Jeremi relève encore que le terme de santé à l’école risque de faire surgir des représentations comme celle du dentiste scolaire ou de la vaccination chez les enseignants, et ce que certaines infirmières nomment « bobologie ». Jeremi interprète cela en disant que dans son établissement, les enseignants font déjà de la santé communautaire en prenant soin de leur classe, et ne mentionnent pas de besoins spécifiques dans ce domaine au niveau du bâtiment ou de l’établissement dans son ensemble.

« Parce que, voilà, ils font de la santé communautaire. Les maîtres, ils prennent soin, ils essaient de prendre soin de leur classe, quand ils se hurlent dessus… il y a ce côté-là. Ils ne sentent pas réellement ce besoin quelque part » (Entretien, 31, 1388-1391).

Jeremi relève également l’importance de donner du sens aux projets proposés et d’impliquer dès le début ses collègues.
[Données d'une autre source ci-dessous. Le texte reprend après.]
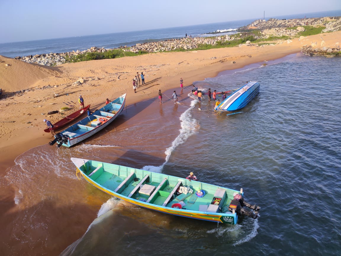 രാവിലെ 7:20 ഓടെയാണ് അപകടം. കോസ്റ്റൽ പോലീസും, മറൈൻ എൻഫോഴ്സ്മെൻ്റ് മത്സ്യതൊഴിലാളികളും രക്ഷാപ്രവർത്തനത്തിന് നേതൃത്വം നൽകി.

« Tant qu’on arrive à donner du sens, ça marche pas trop mal. […] s’ils n’y voient pas de sens ou s’ils ne sont pas clairement associés, c’est plus compliqué » (Entretien, 20, 877-881).
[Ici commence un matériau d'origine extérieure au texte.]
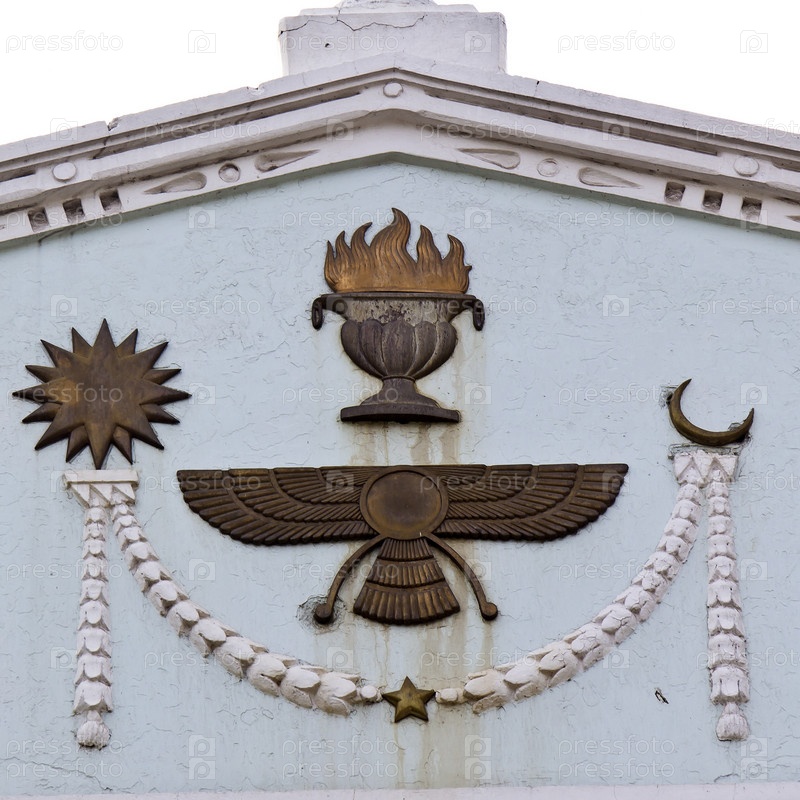 Зороастрийская символика на стене храма этой древней религии. Ахмадабад, Гуджарат

Motiver les collègues dans le nouveau cadre de la LEO

Pour Jeremi, la découverte, puis la digestion de la LEO ont entravé la progression de l’engagement des enseignants dans les projets d’établissement, par le simple fait que toute leur énergie était prise ailleurs. De même que Solène, il évoque que la séparation du groupe classe en 9 à 11ème VG par niveaux a instauré un manque de cohésion dans les classes, ce qui nécessite un travail sur le respect passant par le fait de faire connaissance.

« Maintenant on a des élèves qui sont dispatchés par groupes. Ils n’ont plus la notion de classe. Et on voit qu’il y a un manque de cohésion dans les classes. Là il y a du travail à faire, parce que justement, il y a un manque de respect, parce que dans la classe, ils ne se connaissent pas nécessairement » (Entretien, 4, 100-103).

Et ces niveaux prennent beaucoup d’énergie chez certains enseignants. Jeremi pense que cet aspect de la LEO ôte une part de cadre dont les adolescents auraient besoin.

« Je croise systématiquement des élèves pendant les cours. Ils sont en stabulation libre, alors c’est clair, moi j’aurais été à leur âge… si le cours ne m’intéressait pas trop, j’aurais vite eu envie d’aller me promener aussi. On les pousse là-dedans. Et puis c’est vrai que ça entraîne des déprédations, des vols… » (Entretien, 5, 168-171).

Ici Jeremi présente l’instauration de la LEO avec ses groupes classes à niveaux en 9 à 11ème années VG clairement comme une entrave à l’engagement des enseignants dans les projets de santé ainsi que comme une entrave au bon climat de classe.

Engagement solidaire des adultes de l’établissement et santé communautaire intégrée

Nous avons déjà relaté plus haut l’entraide entre enseignants (Entretien, 13, 551-555).

Jeremi relie de plus la situation de l’établissement qui accueille des élèves défavorisés et aux histoires de vie difficiles à l’engagement des enseignants, au fait que beaucoup s’investissent en plus de l’enseignement, et enfin à leur sensibilité aux projets de santé communautaire.

« Alors ils ne mettent pas ce mot [climat d’établissement], mais c’est vrai que quand ça a été évoqué – on a eu l’année passée une journée pédagogique liée à ça, entre le burn-out et aussi la gestion de classe – c’est clair que dans l’idée, c’était de la santé communautaire pour les maîtres. » (Entretien, 5, 142-144).

Il relève aussi un élément concernant la représentation du burn-out et de la gestion de classe comme faisant partie de la santé communautaire pour les enseignants.